How specific are these clusters for music?
The Introduction discussed the fact that music, despite having a significant number of domain-specific cognitive features related to tonality, has shown minimal evidence of neural specificity in neuroimaging studies. Are the clusters of our tonality meta-analysis specific to music and to hierarchical tonal functions like scale structure and harmonic progressions, or are they shared with other functions? As mentioned in the Introduction, Belyk and Brown (2014) carried out an ALE meta-analysis of studies of affective speech prosody, in other words studies in which people had to discriminate the emotions conveyed in spoken utterances based not on lexical content but on prosodic cues related to vocal pitch, loudness, and tempo. They observed bilateral ALE clusters in BA 47. The peaks of the right-hemisphere clusters were located at the posterior ventral portion of BA 47 bordering on the insula, proximate to the peaks in the tonality meta-analysis. These authors also found prosody peaks in right BA 44/45, the right DLPFC, and the left aSTG proximate to the tonality peaks. This suggests that Cluster 1 – including right BA 47/insula, right BA 44/45, and right DLPFC – as well as Cluster 2, including the left aSTG, may not be specific to music but might potentially be shared between music and speech prosody, and might thus be responsive to commonly-used parameters like pitch height and pitch contour, but with no specificity for discrete intervals and musical scales. However, it is important to point out that we have not carried out a statistical comparison between tonal processing in music and affective speech prosody, since this was not within the intended scope of the study. Merrill et al. (2012) carried out a comparative analysis of the prosodic aspect of speech and pitch processing in vocal music in a passive-listening study. They found a lateralization effect such that left BA 47 was associated with speech prosody, and right BA 47 with pitch processing in music.
The largest difference between the present analysis and Belyk and Brown's (2014) prosody results is that the prosody ALE gave a highly bilateral activation profile, whereas the tonality ALE gave a strongly right-lateralized effect. In fact, left BA 47 was the brain region that most distinguished affective speech prosody from linguistic prosody, suggesting a connection with the acoustic correlates of emotion. In Angulo-Perkins et al.’s (2014) direct comparison between music and speech, the music>speech contrast did not show a peak in right BA 47/13 (only in the aSTG), but the speech>music contrast showed a peak in left BA 47/13, in keeping with the meta-analysis profile of Belyk and Brown (2014). Moreover, the affective speech prosody meta-analysis did not display any peaks in right BA 45/46 or right BA 8 resembling Clusters 3 and 4 from our tonality meta-analysis. These two regions are suggested to relate to working memory and attention processing for melodic and harmonic sequences (Brown & Martinez, 2007; Koelsch et al., 2005; Koelsch, Fritz, v. Cramon, Müller, & Friederici, 2006; Oechslin et al., 2013). At present, there is insufficient information to argue that these regions are music-specific. However, this should be explored in future fMRI studies on tonal processing.

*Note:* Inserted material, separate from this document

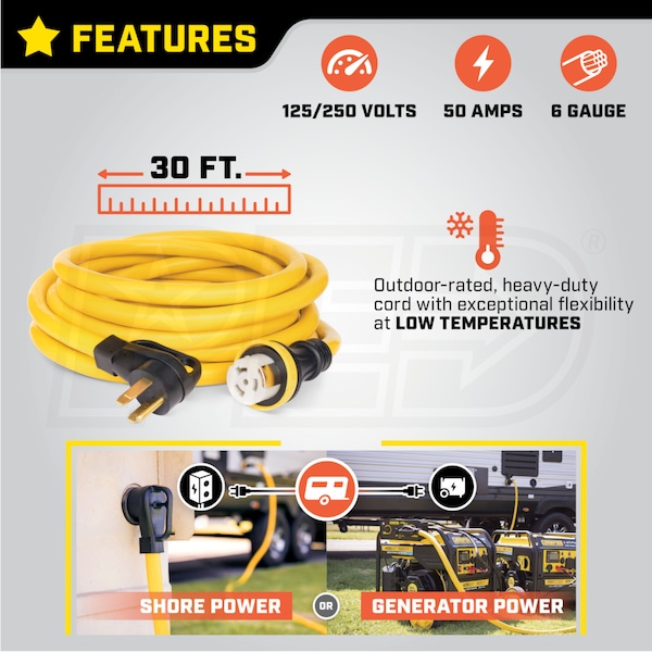 Champion 30-Foot 50-Amp RV (14-50P to SS2-50R) Generator Power Cord

To the extent that there may indeed be similarities between tonality and affective speech prosody, how can such similarities be explained? We speculate that one function that could unify tonal processing in music with affective prosody in speech is what we will refer to as “affective semantics”. In contrast to lexical semantics – where words signify certain categories of concepts, such as object-concepts and action-concepts – affective semantics is about conveying emotional meanings during communication. For example, musical scales are used connotatively to convey emotional valence during musical communication (Huron, 2008; Parncutt, 2014), and they do so in a categorical manner, unlike the coding of emotional intensity, which occurs along a graded continuum (Eerola et al., 2013). Likewise, harmonic progressions are able to convey a sense of cycling between tension and relaxation (Jackendoff & Lerdahl, 2006; Koelsch, 2011b). While tonal devices such as these are intramusical (Meyer, 1956), they can also be used extramusically to refer phenomena beyond the music itself (Cross & Tolbert, 2016; Juslin & Sloboda, 2013; Koelsch, 2011b), such as in music's use in film narratives (Cohen, 2013; Gorbman, 1987).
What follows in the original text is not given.